GIVEN INFORMATION —
****************************************
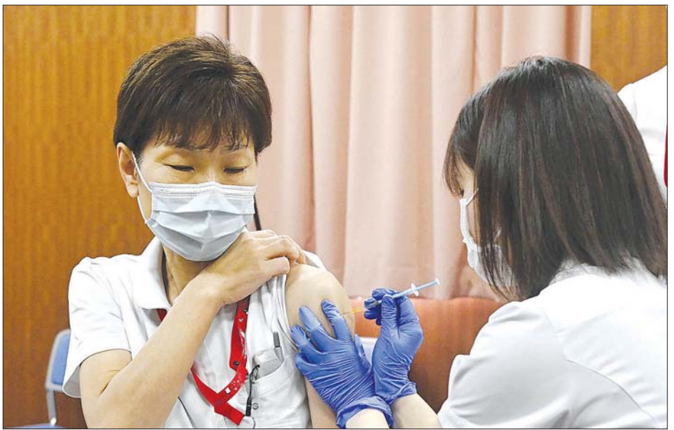
ဂျပန်နိုင်ငံ တိုကျိုမြို့တွင် ကျန်းမာရေးဝန်ထမ်းတစ်ဦးကို ကိုဗစ်-၁၉ ကာကွယ်ဆေးထိုးပေးနေစဉ်။

တိုင်းပြည်အတွင်း ကာကွယ်ဆေးထိုးနှံပေးမှုမှာ ကျန်းမာရေးဝန်ထမ်းများကို ထိုးပေးသည့်အဆင့်တွင်ပင် ရှိနေသေးပြီး ဧပြီလလယ်ပိုင်းမှ သက်ကြီးရွယ်အိုများကို ကာကွယ်ဆေးထိုးပေးမည်ဟု ရည်ရွယ်ထားရာ ယင်းနောက်ပိုင်းတွင် ယခုလို ရလဒ်ထွက်ပေါ်လာခြင်းဖြစ်သည်။ အသက် ၆၅ နှစ်နှင့်အထက် လူများအတွက် ကာကွယ်ဆေးကို ဇွန်လကုန်ပိုင်းမှ အစိုးရက ဒေသခံအစိုးရများဆီ ဖြန့်ဝေပေးမည်ဟု သိရသည်။ ကိုဗစ်-၁၉ နှင့်ပတ်သက်ပြီး ပြည်သူများထံ စစ်တမ်းကောက်ယူရာ ၈၂ ဒသမ ၂ ရာခိုင်နှုန်းမှာ ဗီဇပြောင်း ကိုရိုနာဗိုင်းရပ်စ် ဂျပန်နိုင်ငံတွင် ယုံနုံလာမည်ကို စိုးရိမ်နေကြသည်ဟု ဖြေကြားခဲ့ကြသည်။ တိုကျိုမြို့နှင့် အနီးတစ်ဝိုက်ဒေသများတွင် အရေးပေါ်အခြေအနေကြေညာထားသည်မှာ မတ် ၂၁ ရက်တွင် ပြီးဆုံးသွားပြီဖြစ်သည်။ အခြားခရိုင်များတွင်လည်း အရေးပေါ် အခြေအနေကြေညာထားမှုကို ဖယ်ရှားပေးခဲ့ပြီးဖြစ်သည်။ ထို့ပြင် ကိုဗစ်-၁၉ နှင့်ပတ်သက်၍ တင်းကျပ်သည့် စည်းကမ်းများကိုလည်း ဖြေလျှော့ပေးခဲ့ပြီး ဖြစ်သည်။ ကျိုဒို
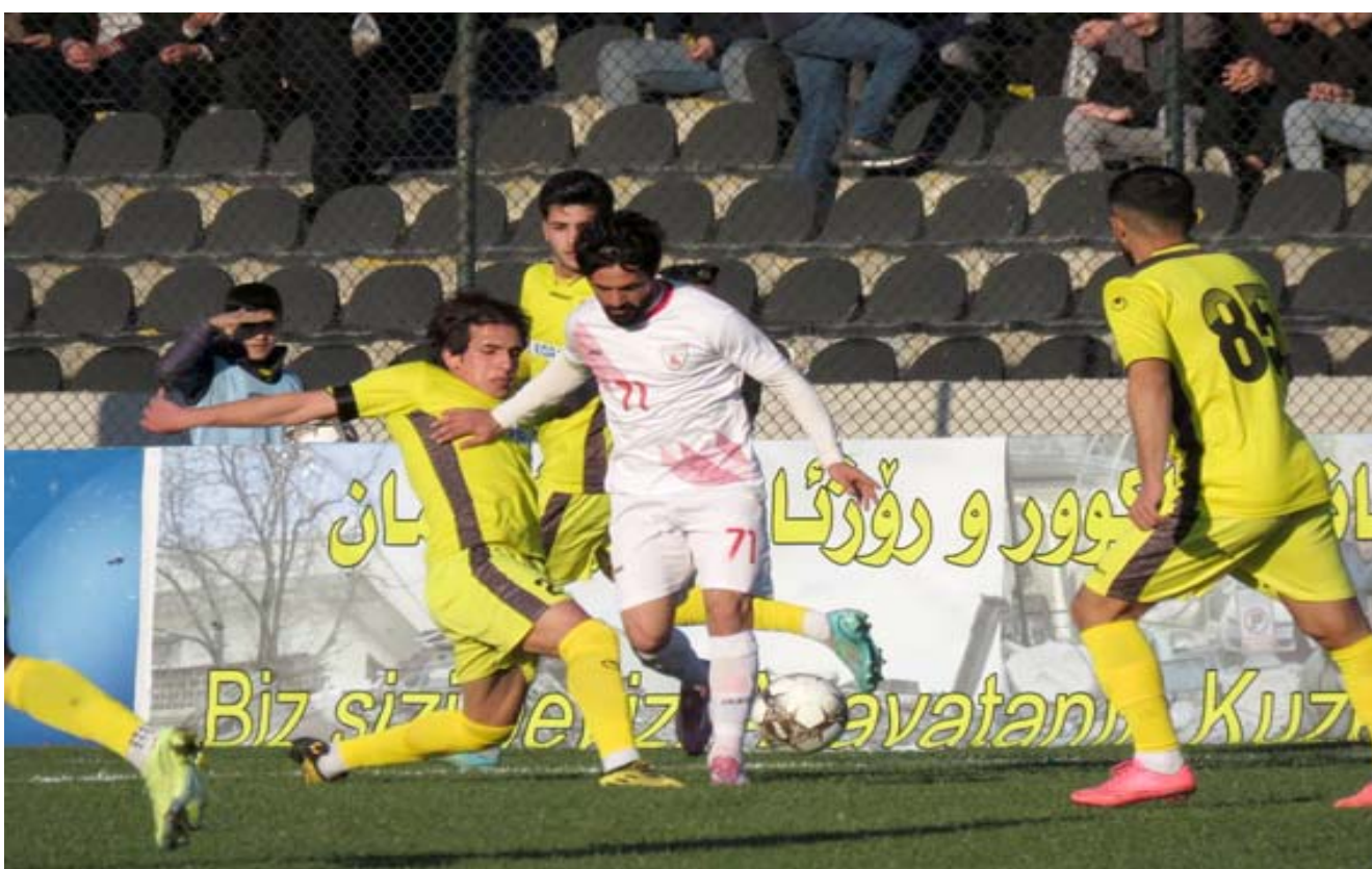
مباراة: جانب من مباراة اربيل ونوروز في الدوري الممتاز

بفارق الاهداف عن الكرخ الحدود ومتوقع الاستمرار به لصعوبة مهمتي الاثنين اللذين يكونا قذليبا امس الاول في البصرة والاخر امام الزوراء. يعود متصدر المجموعة الثانية لدوري الدرجة الاولى بكرة القدم الميناء البصري 24 أمام جمهوره الكبير لواجه الوصيف دبالي 22 في افتتاح مباريات المرحلة الثانية للدفاع عن موقعه وتوسيع الفارق عبر جهود عناصره وعاملي الأرض والجمهور في وقت يعول الضيف على أداء مرتقب من لاعبيه لاستعادة الصدارة والعودة بها.
****************************************
REQUIRED ACTION — Write out, word for word, the line containing "ဖြေလျှော့ပေးခဲ့ပြီး ဖြစ်သည်။ ကျိုဒို" and each line after it to the end of the data, and nothing more. Drop the pictures.

ANSWER —
တိုင်းပြည်အတွင်း ကာကွယ်ဆေးထိုးနှံပေးမှုမှာ ကျန်းမာရေးဝန်ထမ်းများကို ထိုးပေးသည့်အဆင့်တွင်ပင် ရှိနေသေးပြီး ဧပြီလလယ်ပိုင်းမှ သက်ကြီးရွယ်အိုများကို ကာကွယ်ဆေးထိုးပေးမည်ဟု ရည်ရွယ်ထားရာ ယင်းနောက်ပိုင်းတွင် ယခုလို ရလဒ်ထွက်ပေါ်လာခြင်းဖြစ်သည်။ အသက် ၆၅ နှစ်နှင့်အထက် လူများအတွက် ကာကွယ်ဆေးကို ဇွန်လကုန်ပိုင်းမှ အစိုးရက ဒေသခံအစိုးရများဆီ ဖြန့်ဝေပေးမည်ဟု သိရသည်။ ကိုဗစ်-၁၉ နှင့်ပတ်သက်ပြီး ပြည်သူများထံ စစ်တမ်းကောက်ယူရာ ၈၂ ဒသမ ၂ ရာခိုင်နှုန်းမှာ ဗီဇပြောင်း ကိုရိုနာဗိုင်းရပ်စ် ဂျပန်နိုင်ငံတွင် ယုံနုံလာမည်ကို စိုးရိမ်နေကြသည်ဟု ဖြေကြားခဲ့ကြသည်။ တိုကျိုမြို့နှင့် အနီးတစ်ဝိုက်ဒေသများတွင် အရေးပေါ်အခြေအနေကြေညာထားသည်မှာ မတ် ၂၁ ရက်တွင် ပြီးဆုံးသွားပြီဖြစ်သည်။ အခြားခရိုင်များတွင်လည်း အရေးပေါ် အခြေအနေကြေညာထားမှုကို ဖယ်ရှားပေးခဲ့ပြီးဖြစ်သည်။ ထို့ပြင် ကိုဗစ်-၁၉ နှင့်ပတ်သက်၍ တင်းကျပ်သည့် စည်းကမ်းများကိုလည်း ဖြေလျှော့ပေးခဲ့ပြီး ဖြစ်သည်။ ကျိုဒို
مباراة: جانب من مباراة اربيل ونوروز في الدوري الممتاز

بفارق الاهداف عن الكرخ الحدود ومتوقع الاستمرار به لصعوبة مهمتي الاثنين اللذين يكونا قذليبا امس الاول في البصرة والاخر امام الزوراء. يعود متصدر المجموعة الثانية لدوري الدرجة الاولى بكرة القدم الميناء البصري 24 أمام جمهوره الكبير لواجه الوصيف دبالي 22 في افتتاح مباريات المرحلة الثانية للدفاع عن موقعه وتوسيع الفارق عبر جهود عناصره وعاملي الأرض والجمهور في وقت يعول الضيف على أداء مرتقب من لاعبيه لاستعادة الصدارة والعودة بها.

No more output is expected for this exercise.